(Work task) Starting with the line that contains "本書的各種說明,也飽含許多案", copy each line exactly through the end of the listing, and omit all pictures.

—————

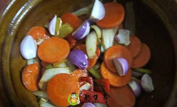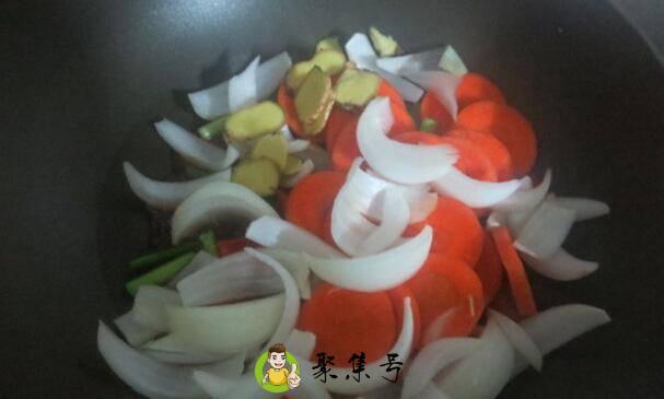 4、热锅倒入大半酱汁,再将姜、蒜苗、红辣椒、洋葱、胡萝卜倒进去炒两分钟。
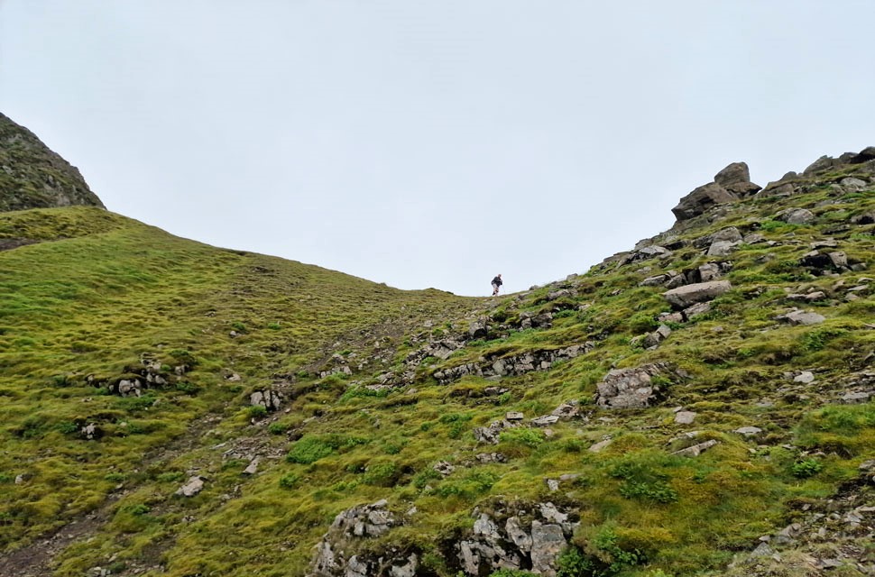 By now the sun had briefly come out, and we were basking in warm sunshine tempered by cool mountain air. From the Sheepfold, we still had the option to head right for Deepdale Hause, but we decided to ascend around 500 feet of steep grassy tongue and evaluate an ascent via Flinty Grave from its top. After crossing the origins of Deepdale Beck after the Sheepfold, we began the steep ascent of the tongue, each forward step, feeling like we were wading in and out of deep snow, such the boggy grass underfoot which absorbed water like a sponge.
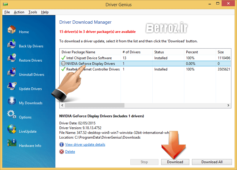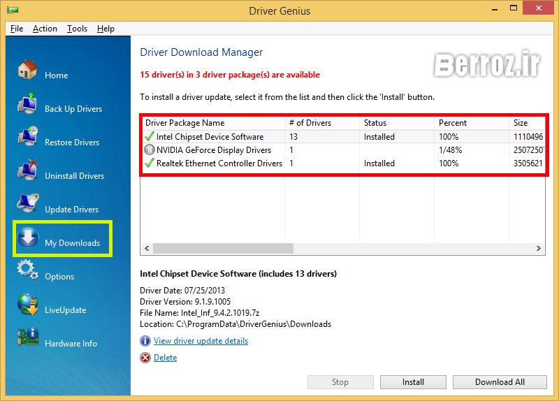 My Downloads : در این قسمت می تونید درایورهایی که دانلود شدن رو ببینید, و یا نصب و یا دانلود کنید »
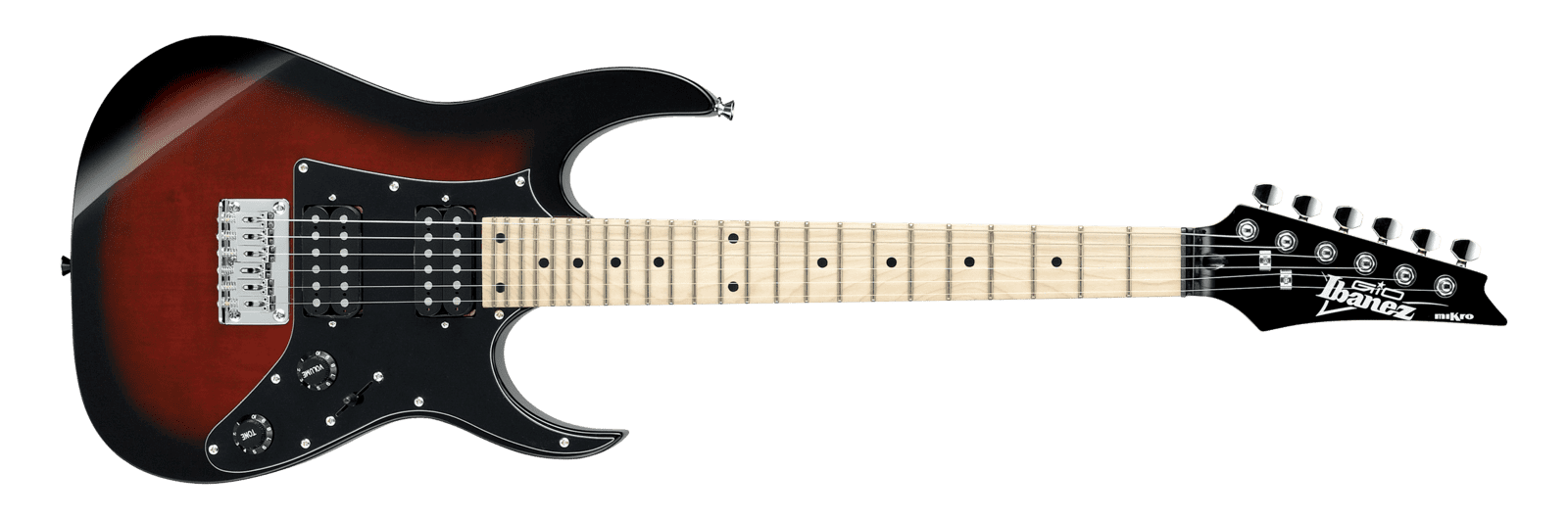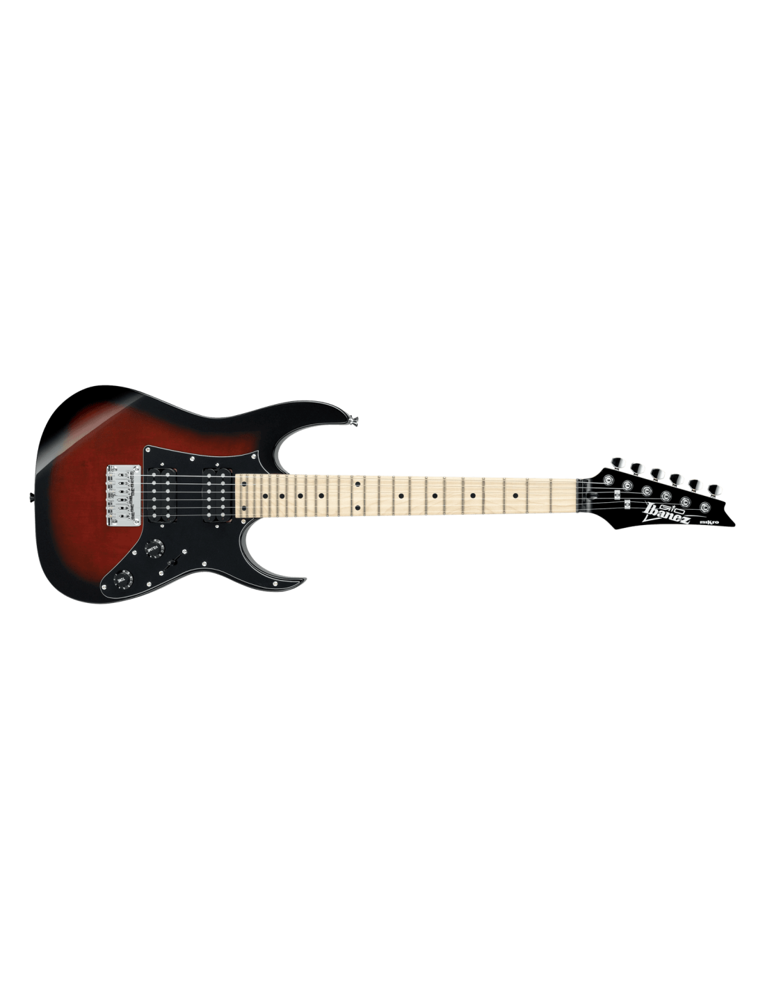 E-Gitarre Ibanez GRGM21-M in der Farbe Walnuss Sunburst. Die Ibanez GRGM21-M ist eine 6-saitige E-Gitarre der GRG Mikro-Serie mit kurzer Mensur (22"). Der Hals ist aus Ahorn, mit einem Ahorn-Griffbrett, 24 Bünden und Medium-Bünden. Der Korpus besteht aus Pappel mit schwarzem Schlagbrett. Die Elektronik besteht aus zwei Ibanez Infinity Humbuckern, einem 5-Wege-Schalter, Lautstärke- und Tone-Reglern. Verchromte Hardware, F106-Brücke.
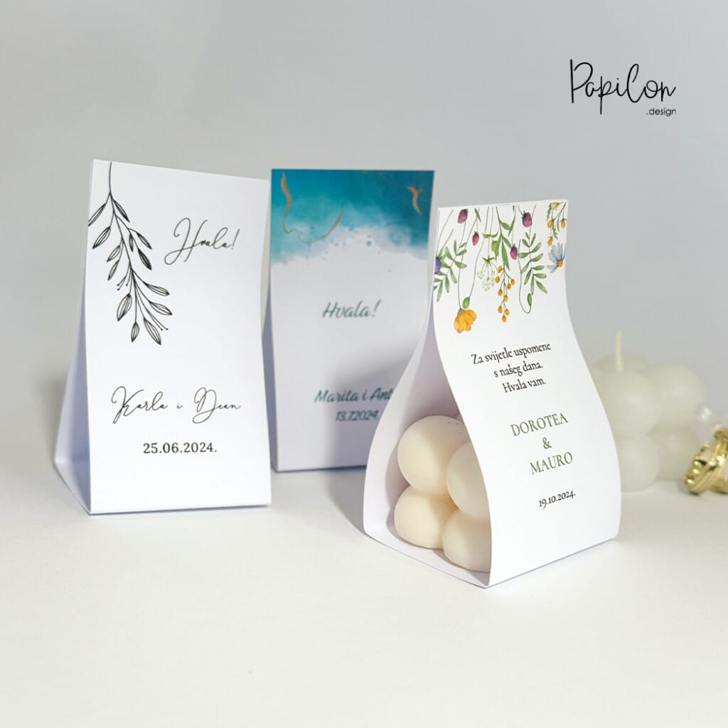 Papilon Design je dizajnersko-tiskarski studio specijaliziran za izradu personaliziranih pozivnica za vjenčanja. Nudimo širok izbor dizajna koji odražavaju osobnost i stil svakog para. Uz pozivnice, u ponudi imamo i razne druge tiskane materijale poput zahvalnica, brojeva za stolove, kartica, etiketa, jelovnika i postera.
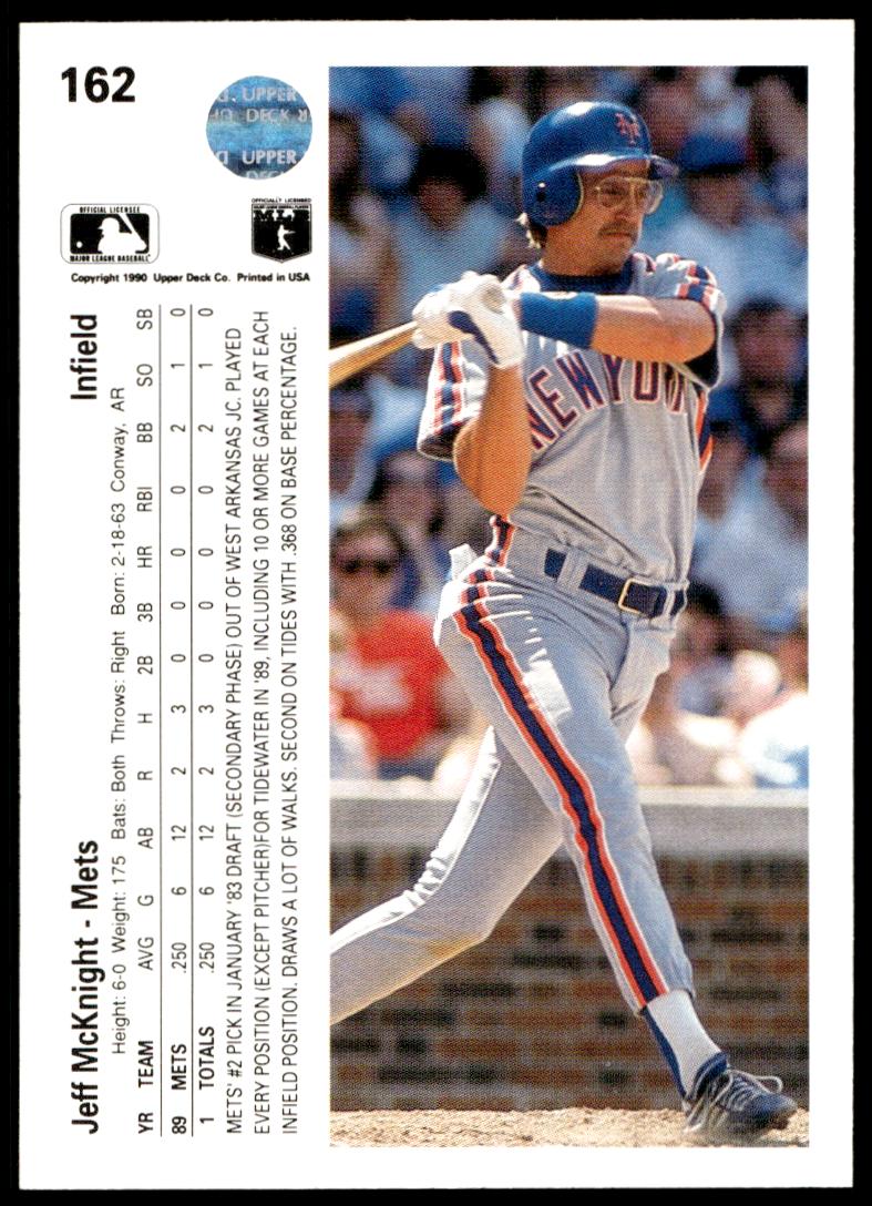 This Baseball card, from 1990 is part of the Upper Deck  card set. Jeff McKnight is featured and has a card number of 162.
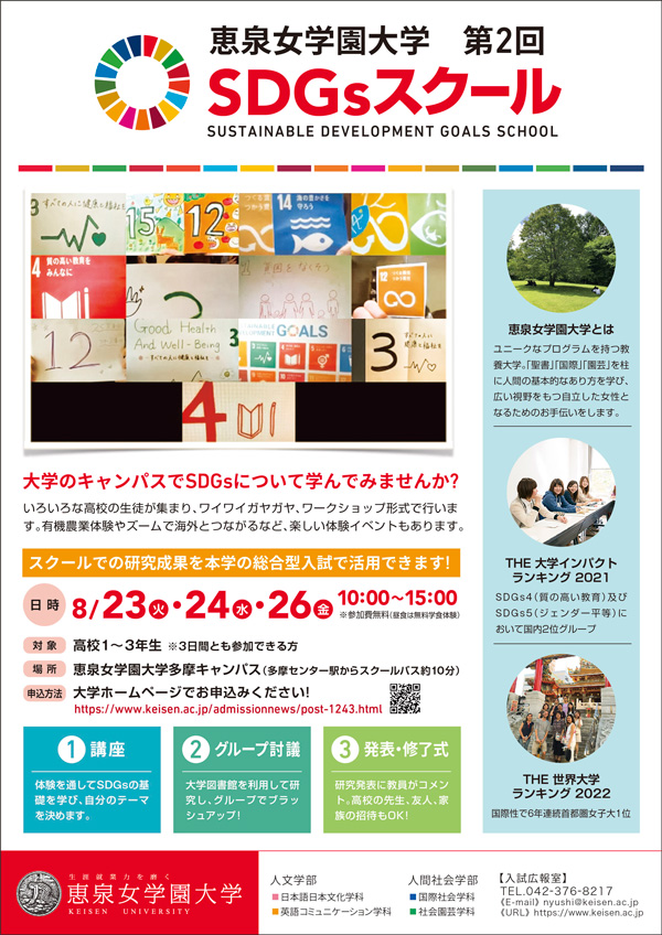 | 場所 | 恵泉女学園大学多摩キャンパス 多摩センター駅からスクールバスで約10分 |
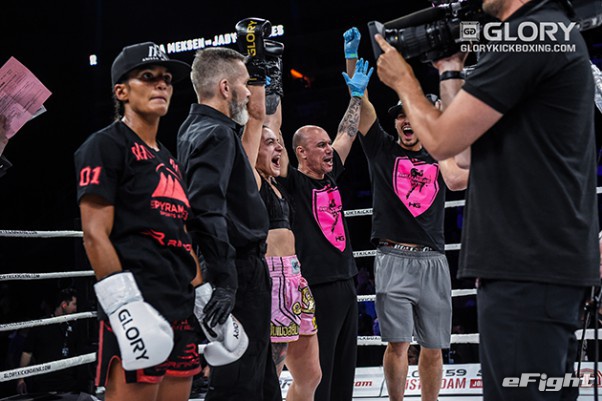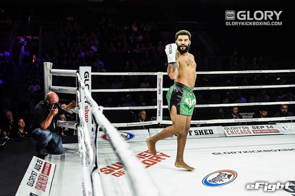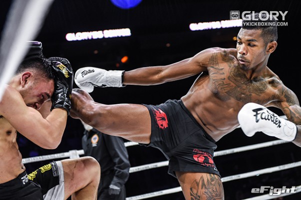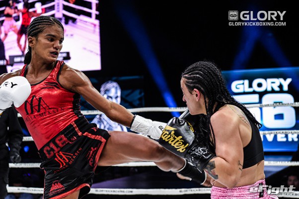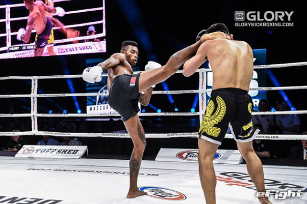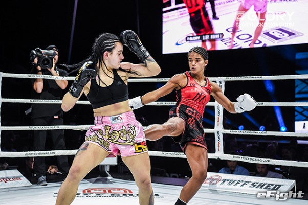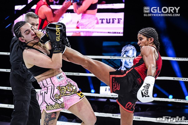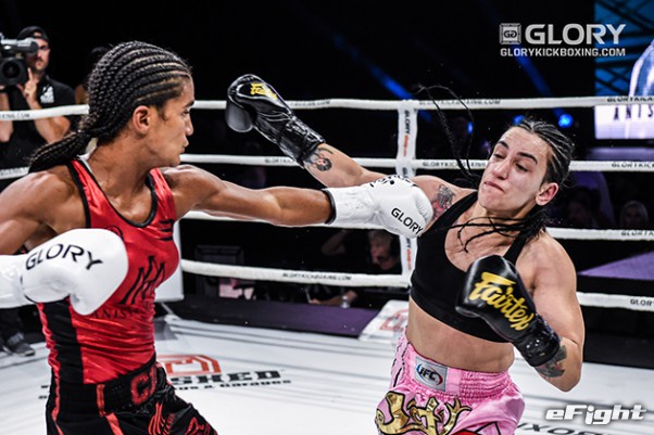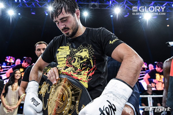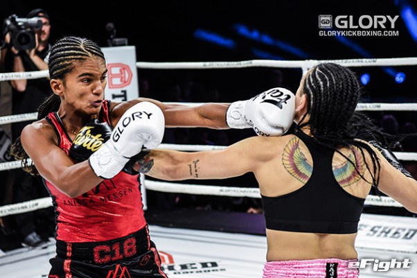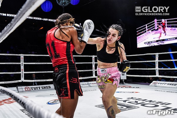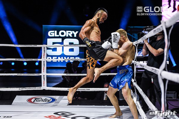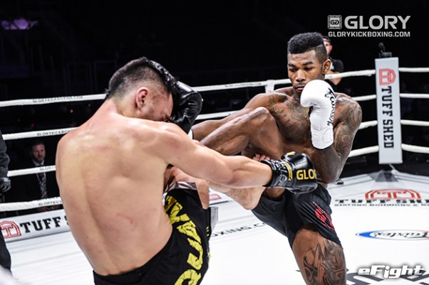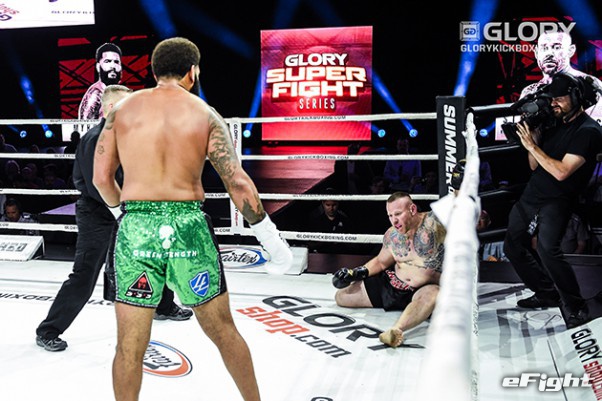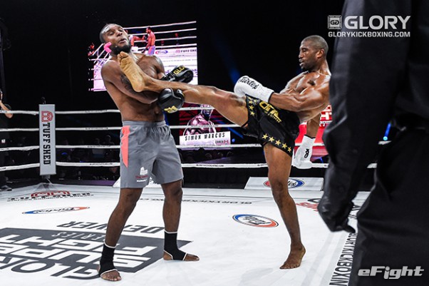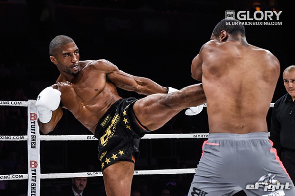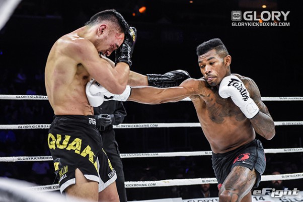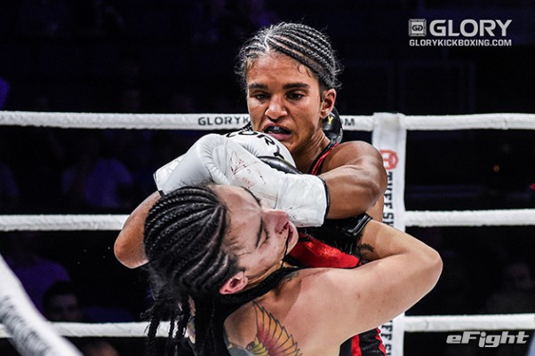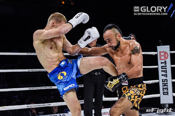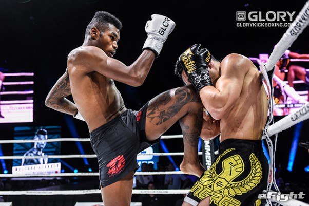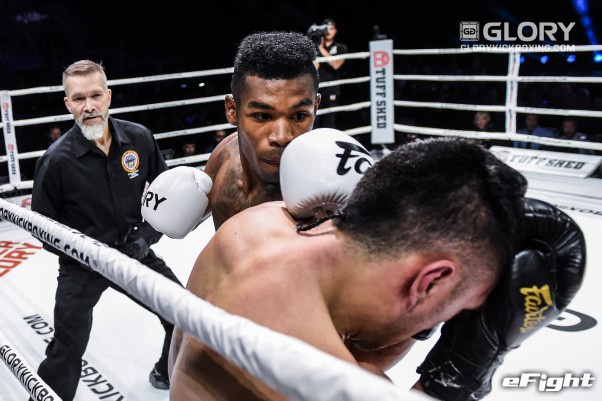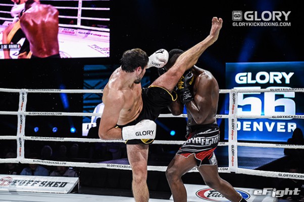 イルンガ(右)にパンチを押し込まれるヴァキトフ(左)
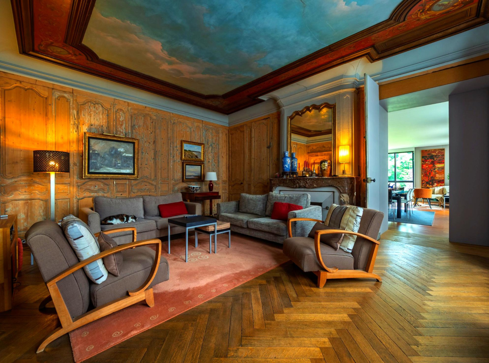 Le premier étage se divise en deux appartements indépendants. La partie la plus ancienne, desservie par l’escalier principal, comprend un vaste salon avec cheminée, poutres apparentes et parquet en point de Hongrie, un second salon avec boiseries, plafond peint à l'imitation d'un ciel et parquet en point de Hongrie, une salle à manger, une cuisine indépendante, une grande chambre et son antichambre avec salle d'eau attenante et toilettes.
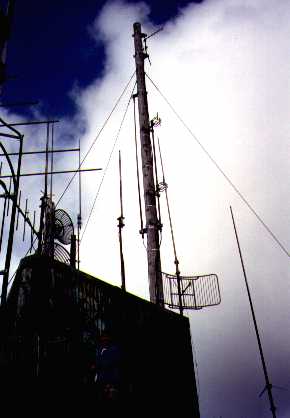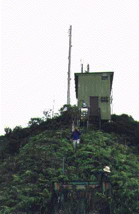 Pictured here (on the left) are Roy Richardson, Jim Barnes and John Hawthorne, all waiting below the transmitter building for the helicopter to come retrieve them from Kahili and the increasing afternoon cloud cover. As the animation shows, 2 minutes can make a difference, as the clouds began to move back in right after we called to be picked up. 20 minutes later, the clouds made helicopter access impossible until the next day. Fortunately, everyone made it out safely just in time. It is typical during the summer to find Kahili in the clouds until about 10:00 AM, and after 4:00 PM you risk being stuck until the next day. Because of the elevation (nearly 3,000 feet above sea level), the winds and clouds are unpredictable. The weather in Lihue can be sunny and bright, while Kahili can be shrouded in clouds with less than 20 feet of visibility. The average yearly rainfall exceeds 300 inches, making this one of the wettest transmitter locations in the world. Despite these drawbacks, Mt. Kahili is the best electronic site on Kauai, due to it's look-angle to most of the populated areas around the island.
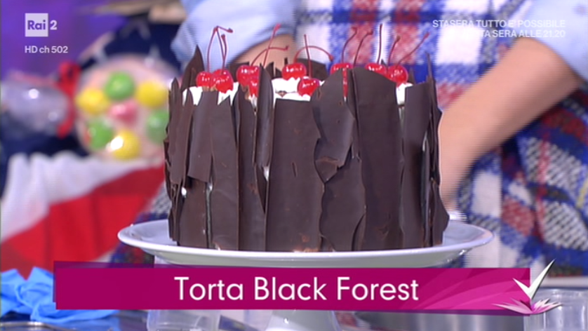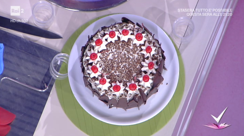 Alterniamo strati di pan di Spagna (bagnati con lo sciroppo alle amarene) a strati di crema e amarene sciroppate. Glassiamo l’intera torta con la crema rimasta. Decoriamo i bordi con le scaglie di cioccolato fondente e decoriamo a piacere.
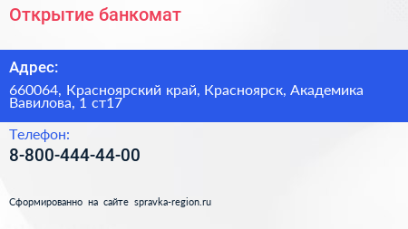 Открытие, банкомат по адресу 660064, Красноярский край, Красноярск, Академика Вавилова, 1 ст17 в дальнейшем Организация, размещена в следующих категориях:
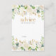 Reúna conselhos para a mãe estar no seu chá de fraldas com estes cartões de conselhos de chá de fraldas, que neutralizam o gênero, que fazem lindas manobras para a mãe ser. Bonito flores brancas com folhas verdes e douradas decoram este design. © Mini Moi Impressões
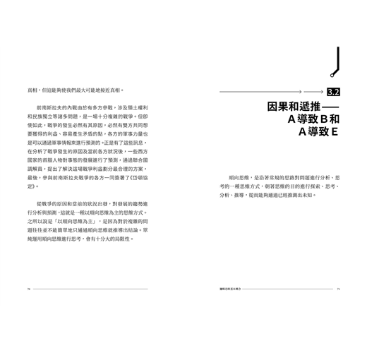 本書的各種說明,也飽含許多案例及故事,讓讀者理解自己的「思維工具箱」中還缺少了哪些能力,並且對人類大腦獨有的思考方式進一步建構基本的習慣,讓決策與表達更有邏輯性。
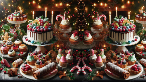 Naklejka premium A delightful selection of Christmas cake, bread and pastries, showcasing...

—————

(Your response)
 本書的各種說明,也飽含許多案例及故事,讓讀者理解自己的「思維工具箱」中還缺少了哪些能力,並且對人類大腦獨有的思考方式進一步建構基本的習慣,讓決策與表達更有邏輯性。
 Naklejka premium A delightful selection of Christmas cake, bread and pastries, showcasing...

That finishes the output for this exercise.